## Dataset excerpt
★ ★ ★

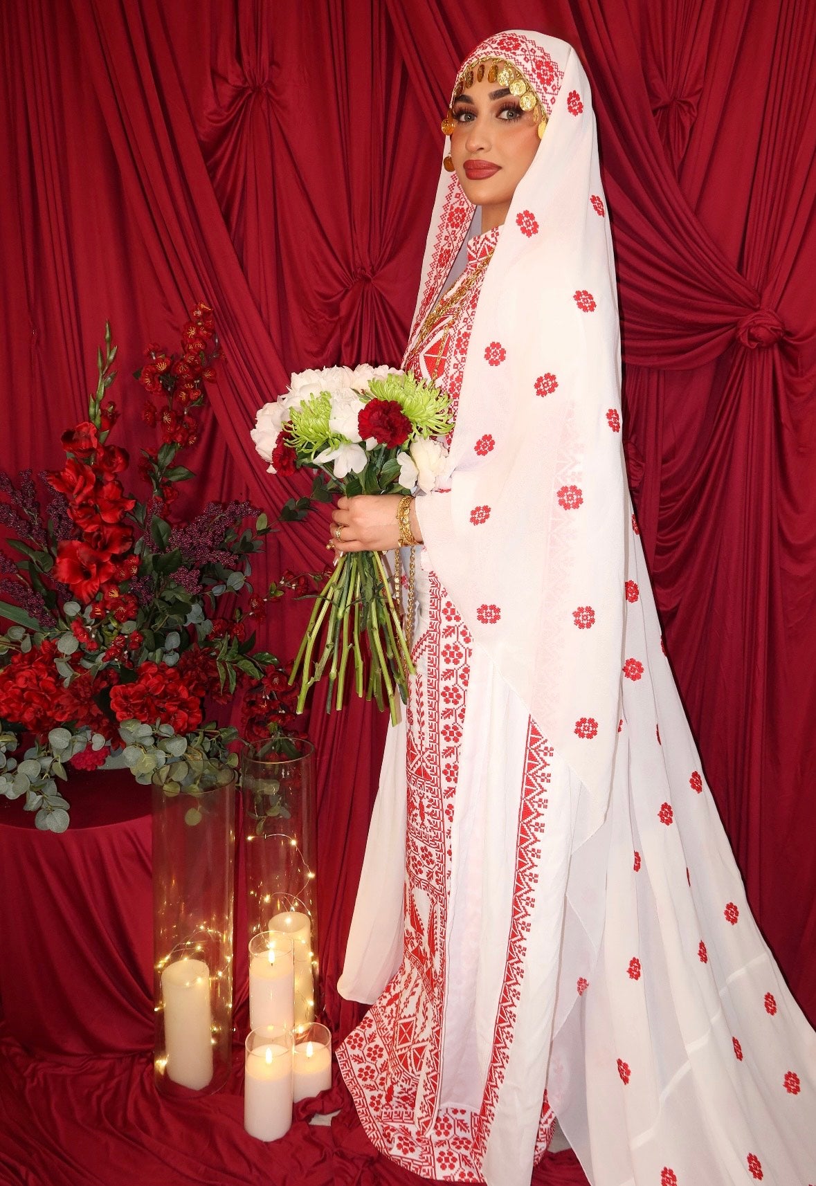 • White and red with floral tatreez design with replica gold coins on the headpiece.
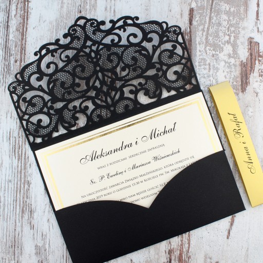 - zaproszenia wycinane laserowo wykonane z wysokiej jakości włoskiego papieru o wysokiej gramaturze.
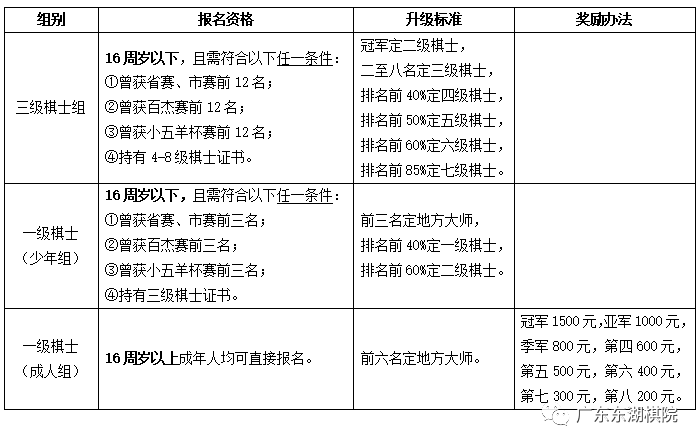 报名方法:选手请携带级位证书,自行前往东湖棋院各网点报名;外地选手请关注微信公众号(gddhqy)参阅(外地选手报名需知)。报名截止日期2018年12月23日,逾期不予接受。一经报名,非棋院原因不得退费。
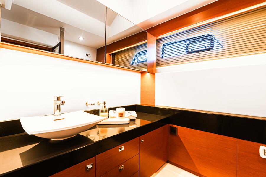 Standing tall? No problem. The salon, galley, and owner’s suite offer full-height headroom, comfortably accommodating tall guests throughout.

★ ★ ★

## Aim of the exercise
Take the preceding listing and transcribe it exactly, skipping the pictures.

## Response
 • White and red with floral tatreez design with replica gold coins on the headpiece.
 - zaproszenia wycinane laserowo wykonane z wysokiej jakości włoskiego papieru o wysokiej gramaturze.
 报名方法:选手请携带级位证书,自行前往东湖棋院各网点报名;外地选手请关注微信公众号(gddhqy)参阅(外地选手报名需知)。报名截止日期2018年12月23日,逾期不予接受。一经报名,非棋院原因不得退费。
 Standing tall? No problem. The salon, galley, and owner’s suite offer full-height headroom, comfortably accommodating tall guests throughout.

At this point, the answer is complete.